My own illustrated compost making regime is described in full here.

Composting equipment

In order to make good compost there is a small list of requirements.

  • Compost Ingredients
  • Two compost bins of some description
  • A garden fork
  • A garden shredder (ideally)

The best compost bin set up is to have a system with two bins.  One for adding to and one for maturing.  Whatever the size of your garden you should try to have two bins.  If your garden is small, have two small bins.  Having two bins means never having to separate mature compost from semi-rotten yuk.  Growing tropical plants creates a lot of matter.  The larger your compost bins the easier it is for you.

If you are serious about making compost a garden shredder is a valuable tool.  For the typical urban garden an electric powered shredder will be sufficient.  If you have a sprawling estate, more powerful petrol versions are available.  The benefit of using a garden shredder is to increase the surface area of what you wish to decompose.  The more surface area the faster the process.  If you put a thick branch straight into the compost bin it will still be there in a years time.  Shred it and it becomes incorporated with everything else.
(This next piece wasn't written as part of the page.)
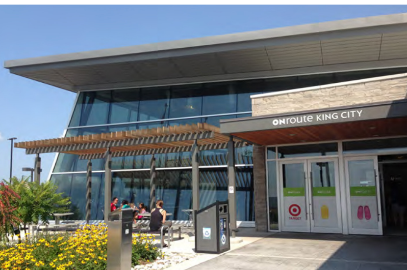
Onroute King City, ON

There are basically two types of electric garden shredders.

  • Impact shredders -  these have a spinning blade rather like a food processor.  They are cheaper but noisier.  These work better with greener material.  Blades will get blunt over time which reduces the efficiency.  Replacing blades is a headache unless you enjoy working with spanners and the like.
  • Crush and cut shredders - these shredders pull the material into the shredder for you and then a blade chops it in to small pieces.  Much quieter but more expensive due to more moving parts.  These shredders cut quite coarsely and it is worth re-feeding the stuff through for a second time if it is very woody.  There is a tendency for them to get clogged if you try to put too much green material through.  The best solution is to leave any green pruned material in a neat pile for a few days.  The remaining leaves will remove water from the material and then will be drawn into the shredder much easier.  Crush and cut shredders work best with branches and twigs.

In an ideal world it would be nice to have one of each.

If for whatever reasons you decide against a shredder, twigs and the like should still be chopped into small pieces using secateurs.  Apart from increasing the surface area for decomposition, a lack of twigs will make your job of turning the compost that much easier.

Leaf mould

Leaf mould is the process of composting leaves separately.